Fight confusion with facts
The Atomz CMS Buyer's Kit (CMBK) is a set of tools and documents that provides a resource for managers and leaders involved in the challenging and complex task of selecting the right CMS. Atomz Corporation is a leading provider of Web-native content management and site-search applications that enables enterprises to deliver the right information at the right time.
“The kit is based on the experience of people who have spent years analyzing needs, gathering facts, and then creating a process for making the right decisions," explained Steve Kusmer, Atomz CEO. "Imagine that a very smart colleague in your industry just completed a rigorous, six-month CMS purchase process and offered to share all of the research and insights he or she gained. That was our goal with the CMBK."
Experience has shown that customers who establish a well-defined process to acquire a CMS are significantly more satisfied with the final result.
The kit includes a rich variety of information:
- Downloadable and easily customized presentations on the pros and cons of a CMS and the CMS selection process
- Sample memos and e-mails to help you communicate about a CMS within your organization
- A spreadsheet calculator to compare the total cost of ownership of different CMS approaches
- Links to other leading CMS vendors
- An updated list of links to CMS news articles and reviews, ROI research, white papers, and other insightful information on the effective use and acquisition of CMS
To top it all off, Atomz will even send you a wall-size poster to help your organization prioritize product criteria and select the right CMS.

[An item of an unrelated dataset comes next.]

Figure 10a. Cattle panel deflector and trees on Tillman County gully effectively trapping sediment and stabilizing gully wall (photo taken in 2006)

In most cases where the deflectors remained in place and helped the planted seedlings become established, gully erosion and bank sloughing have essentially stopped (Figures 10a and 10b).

A report that offers principles, products, and (best) practices
The CMS Report is an objective, detailed primer on the process of planning, selecting, and implementing a Web content management (WCM) solution. The "CMS Report," which costs $895, is published by CMSWatch, a wholly owned service of CMSWorks, a content management consulting and training firm established in July 2001.
“If you're looking for a CMS, you can spend months or years looking at the CMS landscape and still get nowhere,” explained Tony Byrne, author of the report and a content management consultant and trainer. “In fact, I know companies who have spent years paralyzed by the array of product choices in front of them.” The "CMS Report" can help tech leaders build a practical template for action and help CIOs anticipate and answer questions they're likely to be asked, especially the tough ones from your CFO.

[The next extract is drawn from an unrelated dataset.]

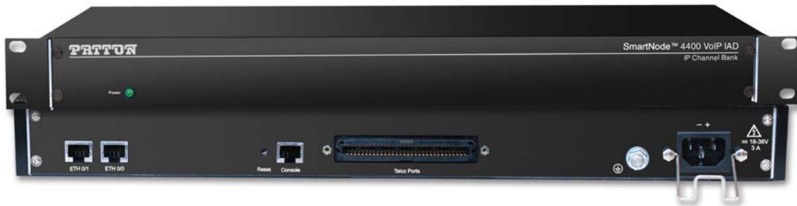
Figure 1. SmartNode 4400

This Quick Start Guide leads you through the basic steps to set up a new SmartNode (see figure 1 ) and to download a configuration. Please note that this guide does not replace the detailed Software Configuration Guide and the Getting Started Guide on the CD-ROM and available online at www.patton.com/voip .

This 140-page report provides what Byrne calls the "3 Ps" of CMS: Principles, Products, and (Best) Practices. “In my experience, companies looking for a CMS solution pay attention to one, or perhaps two, of the "Ps," but not all three, as they should,” explained Byrne. “In particular, companies focus on selecting products, but in reality, the software that you license ends up being less than a third of the overall solution.”
The report also includes:
- The CMS lifecycle. The report breaks down the CMS lifecycle into 16 steps, analyzes different approaches to each, and then provides a checklist of questions to ask.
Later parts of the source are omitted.